| Records supplied |
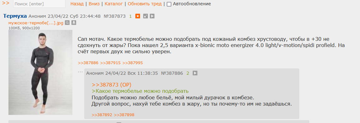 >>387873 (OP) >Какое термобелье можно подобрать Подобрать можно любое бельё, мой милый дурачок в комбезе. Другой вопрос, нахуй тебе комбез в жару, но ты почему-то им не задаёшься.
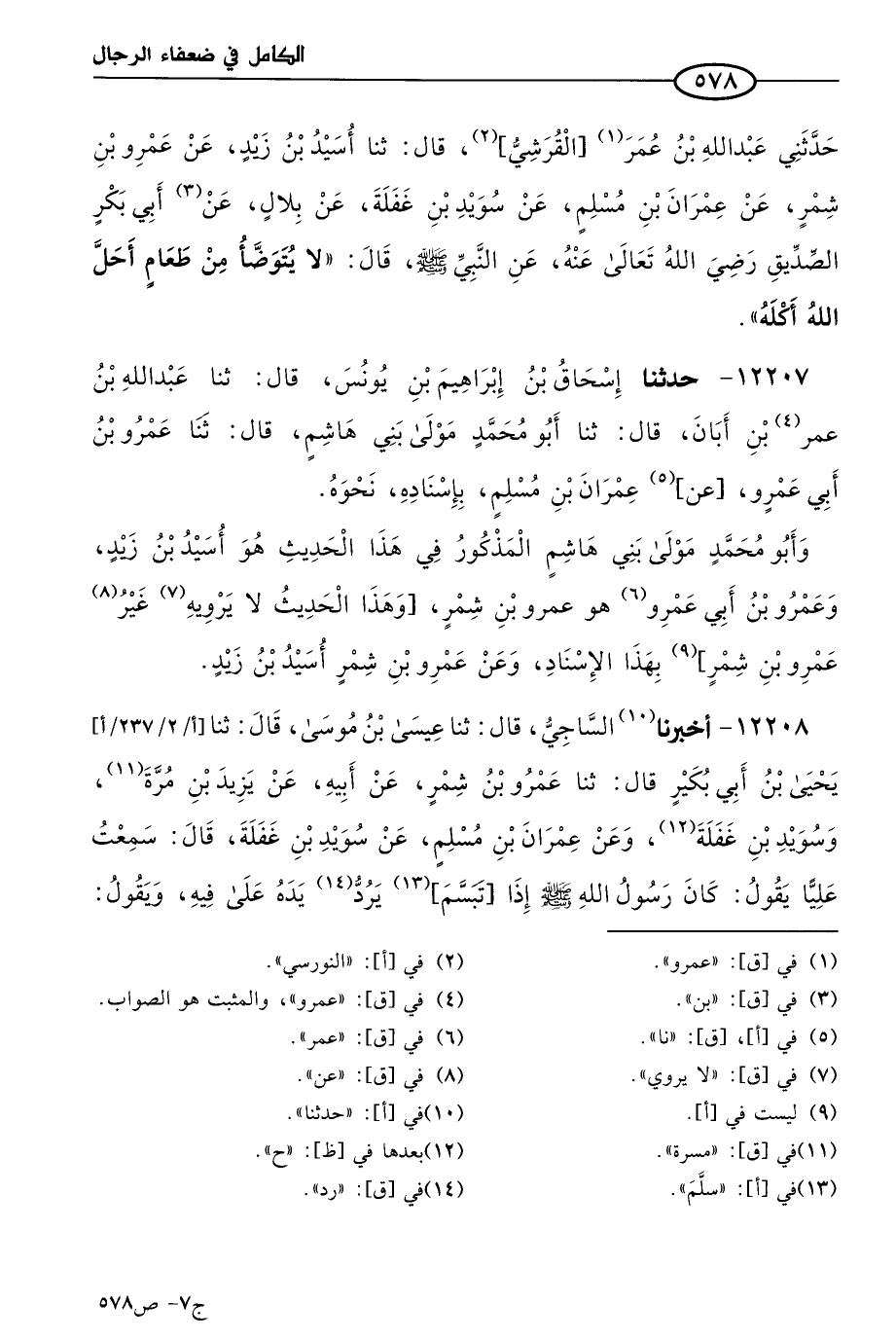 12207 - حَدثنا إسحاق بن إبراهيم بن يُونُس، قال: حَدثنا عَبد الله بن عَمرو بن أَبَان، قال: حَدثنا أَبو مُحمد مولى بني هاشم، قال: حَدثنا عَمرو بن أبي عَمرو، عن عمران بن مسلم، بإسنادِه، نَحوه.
---
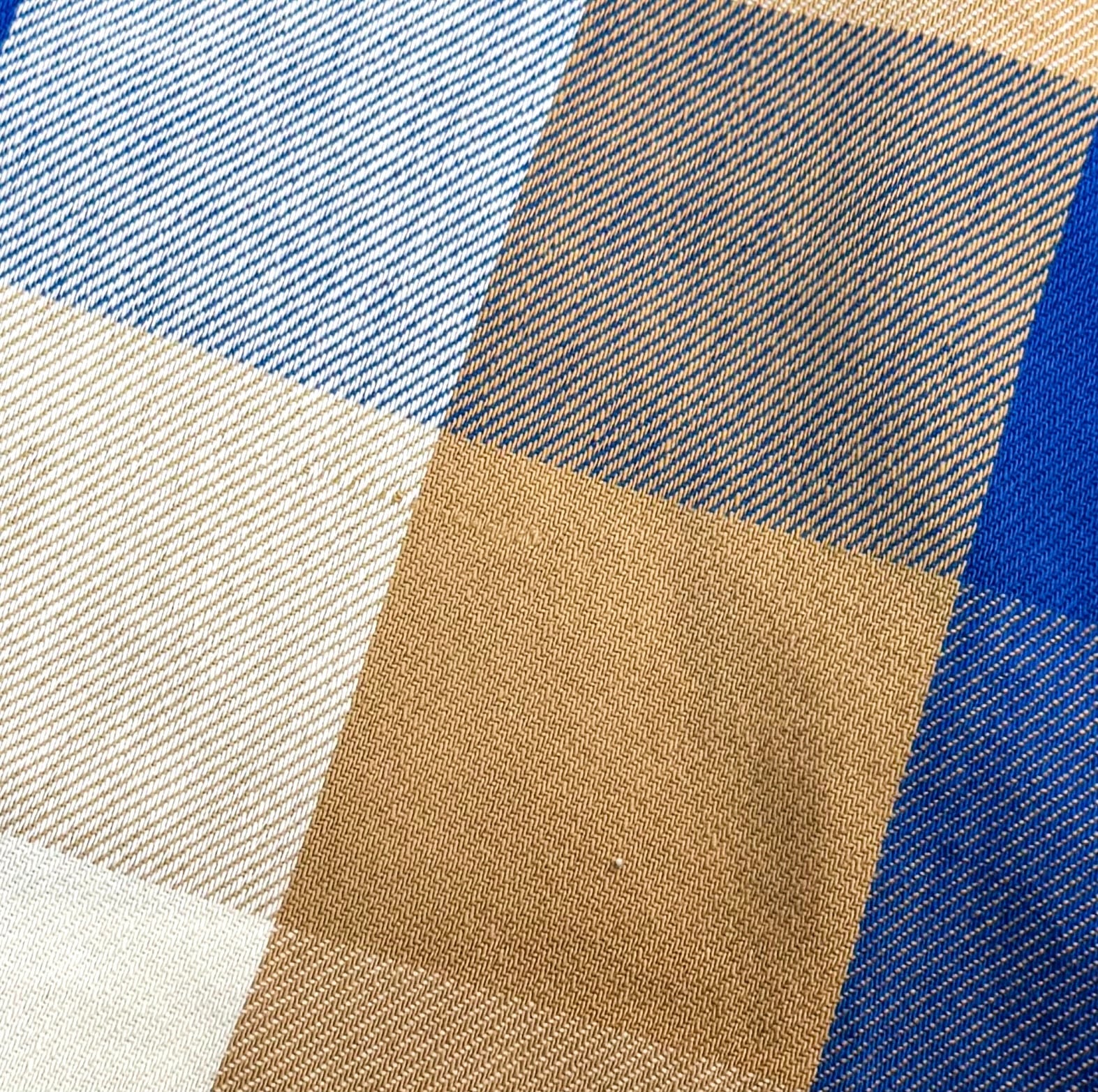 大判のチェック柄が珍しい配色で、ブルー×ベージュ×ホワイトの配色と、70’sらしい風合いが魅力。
--
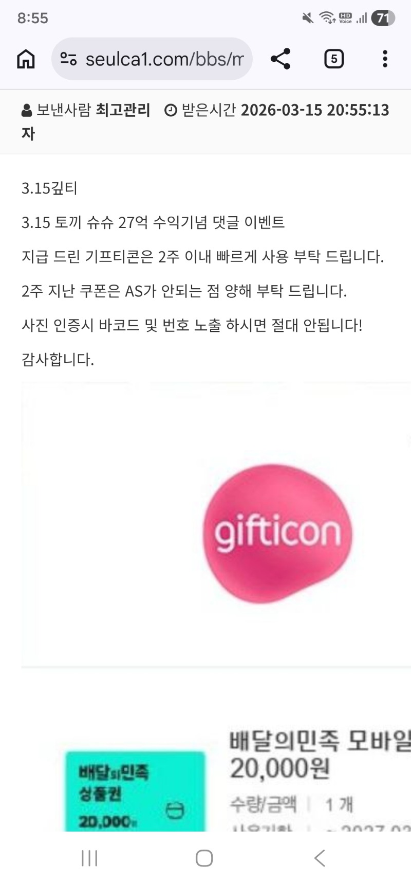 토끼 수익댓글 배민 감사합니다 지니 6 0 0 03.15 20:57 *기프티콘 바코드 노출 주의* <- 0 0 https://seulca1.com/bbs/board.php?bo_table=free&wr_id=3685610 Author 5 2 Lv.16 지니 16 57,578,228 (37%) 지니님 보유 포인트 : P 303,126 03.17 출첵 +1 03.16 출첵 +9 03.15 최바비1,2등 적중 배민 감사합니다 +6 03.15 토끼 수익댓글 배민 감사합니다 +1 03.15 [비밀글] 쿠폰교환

| Problem |
For the entries above, print exactly the lines between the one with "им не задаёшься." and the one with "12207 - حَدثنا", inclusive, with no pictures.

| Finished task |
 >>387873 (OP) >Какое термобелье можно подобрать Подобрать можно любое бельё, мой милый дурачок в комбезе. Другой вопрос, нахуй тебе комбез в жару, но ты почему-то им не задаёшься.
 12207 - حَدثنا إسحاق بن إبراهيم بن يُونُس، قال: حَدثنا عَبد الله بن عَمرو بن أَبَان، قال: حَدثنا أَبو مُحمد مولى بني هاشم، قال: حَدثنا عَمرو بن أبي عَمرو، عن عمران بن مسلم، بإسنادِه، نَحوه.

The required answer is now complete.